Diff-TONE: Timestep Optimization for iNstrument Editing in Text-to-Music Diffusion Models

Teysir Baoueb, Xiaoyu Bie, Xi Wang, Gaël Richard

Abstract: Breakthroughs in text-to-music generation models are transforming the creative landscape, equipping musicians with innovative tools for composition and experimentation like never before. However, controlling the generation process to achieve a specific desired outcome remains a significant challenge. Even a minor change in the text prompt, combined with the same random seed, can drastically alter the generated piece. In this paper, we explore the application of existing text-to-music diffusion models for instrument editing. Specifically, for an existing audio track, we aim to leverage a pretrained text-to-music diffusion model to edit the instrument while preserving the underlying content. Based on the insight that the model first focuses on the overall structure or content of the audio, then adds instrument information, and finally refines the quality, we show that selecting a well-chosen intermediate timestep, identified through an instrument classifier, yields a balance between preserving the original piece's content and achieving the desired timbre. Our method does not require additional training of the text-to-music diffusion model, nor does it compromise the generation process's speed.
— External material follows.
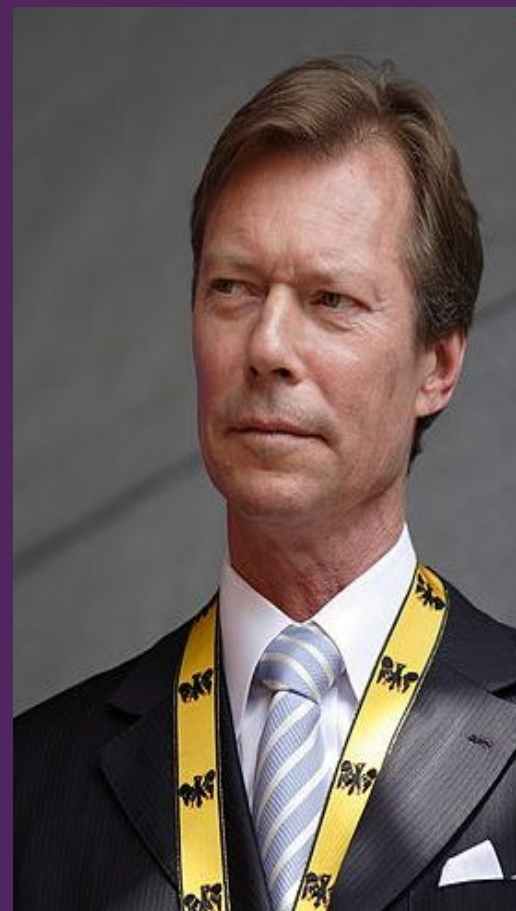
Великий Герцог Анри (Генрих)

Герб представляет собой щит с 10 горизонтальными синими и серебряными полосами. На гербе лев с золотым языком.

Teaser — **Figure:** Pipeline of Diff-TONE: We start from an initial noisy latent \( \mathbf{x}_T \) used to generate the audio with the original instrument. At each iteration of the inference process, we compute \( \tilde{\mathbf{x}}_0 \) and pass it to the classifier. Once the classifier does not change its prediction, we consider that to be the best time to substitute the target instrument for the initial instrument in the prompt. And we resume the generation process.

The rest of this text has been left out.